* Data for review *

↓

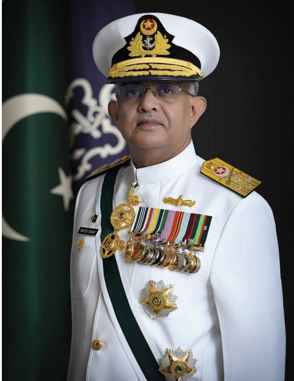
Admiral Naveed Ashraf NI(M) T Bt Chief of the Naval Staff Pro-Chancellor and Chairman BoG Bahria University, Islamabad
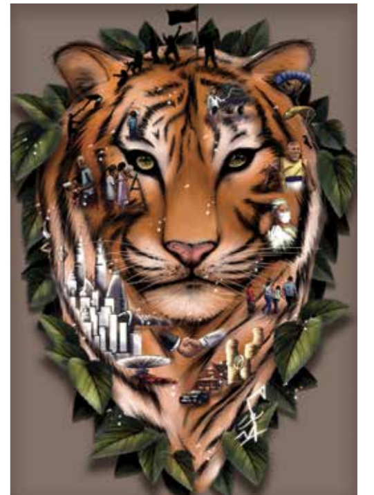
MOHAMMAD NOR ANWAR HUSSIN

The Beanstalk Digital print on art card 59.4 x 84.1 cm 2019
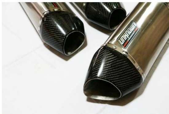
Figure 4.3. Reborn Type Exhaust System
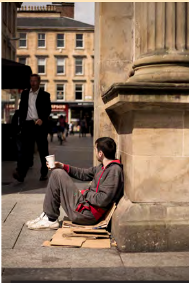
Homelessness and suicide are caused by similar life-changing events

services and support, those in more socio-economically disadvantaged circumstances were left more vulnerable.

↑
↓

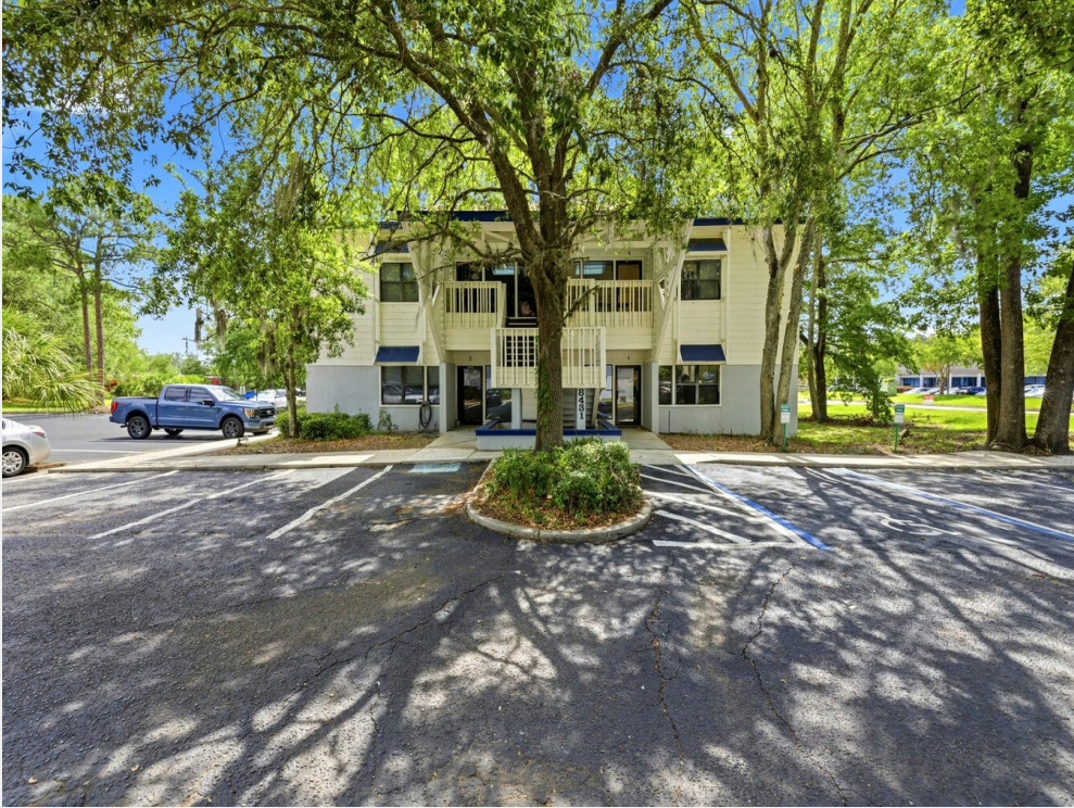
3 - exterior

↑

* Required action *
The answer is those lines of the material above that run from the one containing "Figure 4.3. Reborn Type Exhaust System" up to and including the one containing "services and support, those", restated exactly and without images.

* Reply to the exercise *
Figure 4.3. Reborn Type Exhaust System
Homelessness and suicide are caused by similar life-changing events

services and support, those in more socio-economically disadvantaged circumstances were left more vulnerable.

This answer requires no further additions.